For 17 years, I have been searching for the cause of this feeling. Why, on that day, do I feel this weight in my heart? Why does my soul contract itself in my chest? Why do I sense as if death has made one more step towards me? Why does a violent affection, towards the people I love, embrace my heart and demand to be visible through words in an email or a conversation over a phone? Why, on that day, do I perceive this world to be gentler and harsher at the same time? Why do I feel peace and surrender to the beloved ones and deep regret about myself, my story, my journey and my disgusted look at life? Why, during these 24 hours, does my fear of leaving and going far grow bigger and become an obsession? Why do the tears stand in ambush at the windows of my eyes and the chokes settle at the bottom of my throat, without ever a tear being shed or choke being uttered?
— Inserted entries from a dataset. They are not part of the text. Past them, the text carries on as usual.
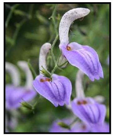
Brillantaisia, giant salvia

may even notice some graffiti on the wood. When you purchase one of these beautiful boxes you are truly taking home a piece of the Botanic Gardens. Below are more plants for sale that can tolerate our inland heat.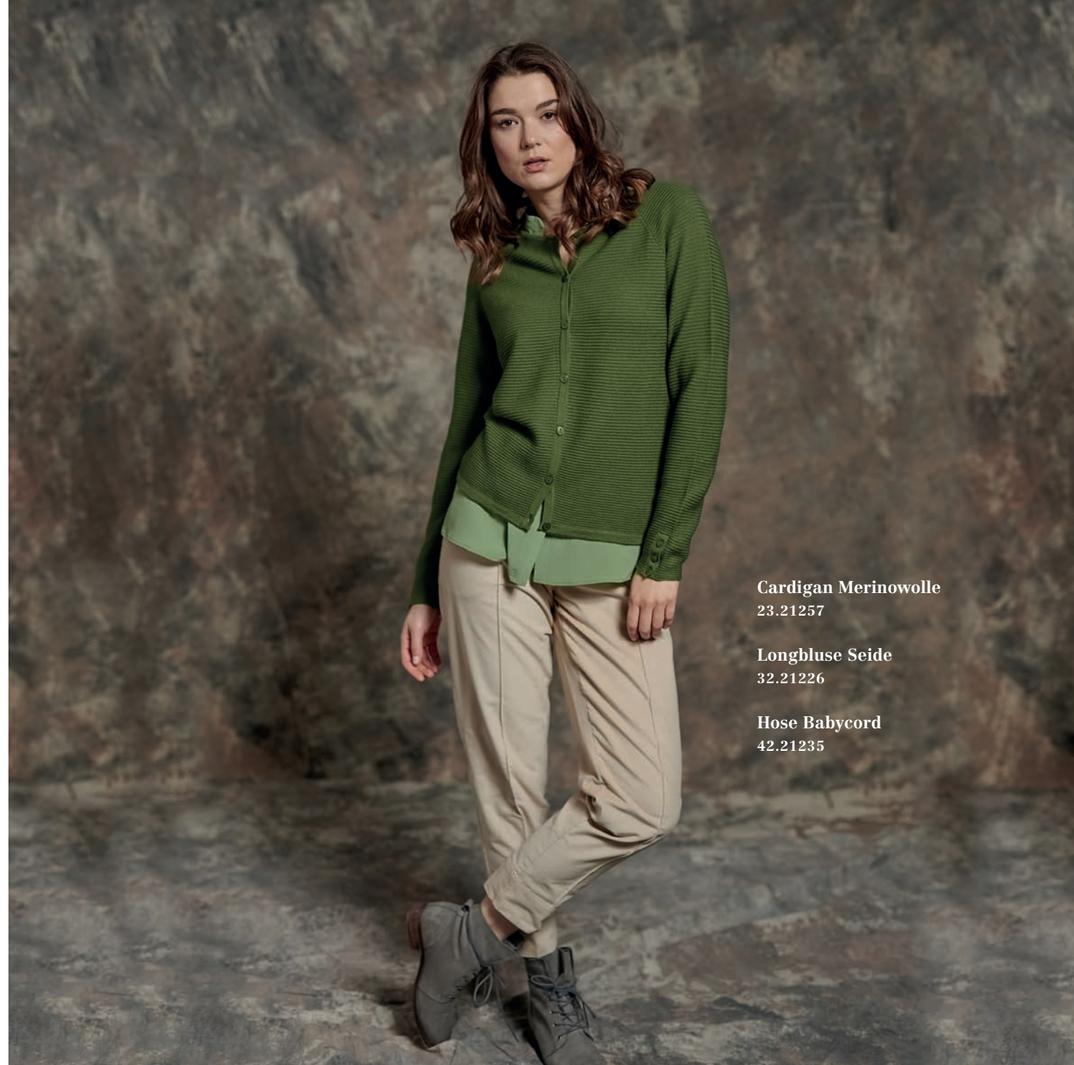
Cardigan Merinowolle 23.21257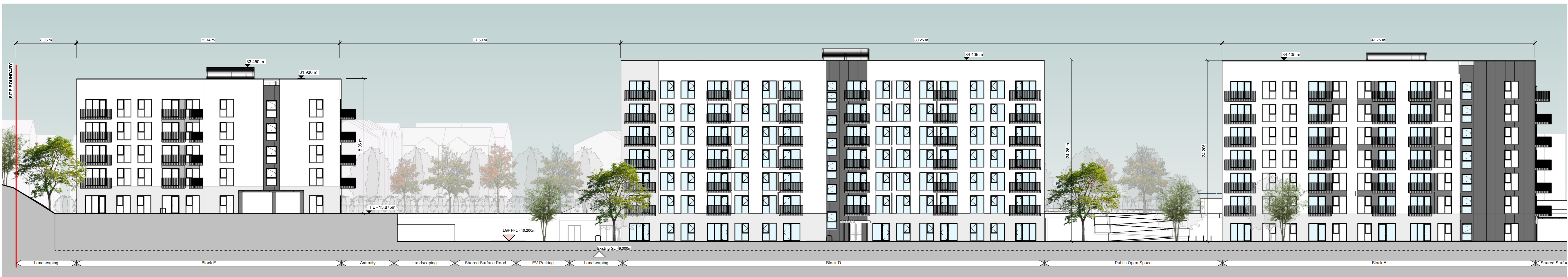
Contiguous Elevation A1 1 : 200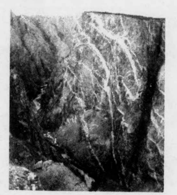
Painted Wall, Black Canvon of the Gunnison, Colorado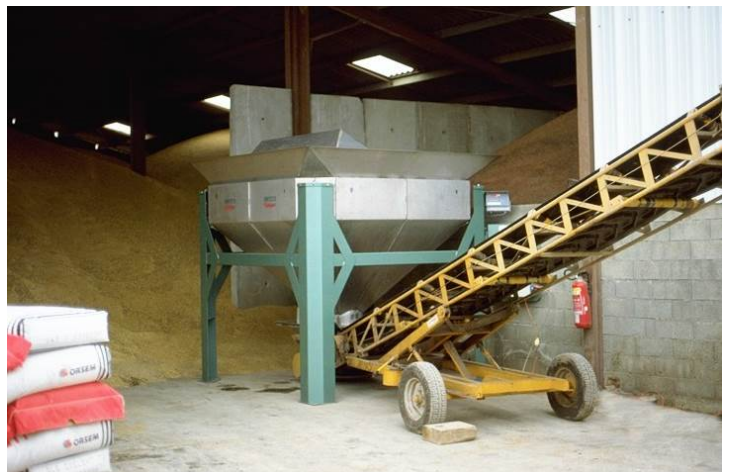
an MV 5000 in use

Why? Why? Why? I have tried to find a satisfactory answer to these questions for 17 years with no avail, up until that 2nd of April in 2002 when I exited my house, heading towards the plaza to find a taxi that will take me to the airport. After making three steps on the sidewalk, my five senses were overwhelmed with a variety of sensations, the sounds of the birds singing joyfully with the same strength and rhythm as the grasshopper summer songs, the fragrances of flowers reminding me the smell of the sweating basilica under the heat of the midday sun, the humid and velvety breeze carrying with it the memory of another place, it hurts me to recall its name, a bright light emanating from the sky, warming the faces of the passing by, and finally the taste of coffee I drank before I left mixed with the taste of my lover lips. When all these sensations engulfed me, like a prophetic vision or a poetic inspiration, I suddenly knew why! Yes, after 17 years, in this moment, on that day in 2002, the secret of the first warm day of the year revealed itself to me. Yes, I finally know why this day sends in my soul all these feelings and all this sadness.
But in reality, I wish I didn’t discover that secret. This discovery has not kept away from me the ghosts of that day. It has had quite the opposite effect. Now, and every year since, I welcome this first beautiful warm spring day with greater fear, greater anxiety and a greater sadness.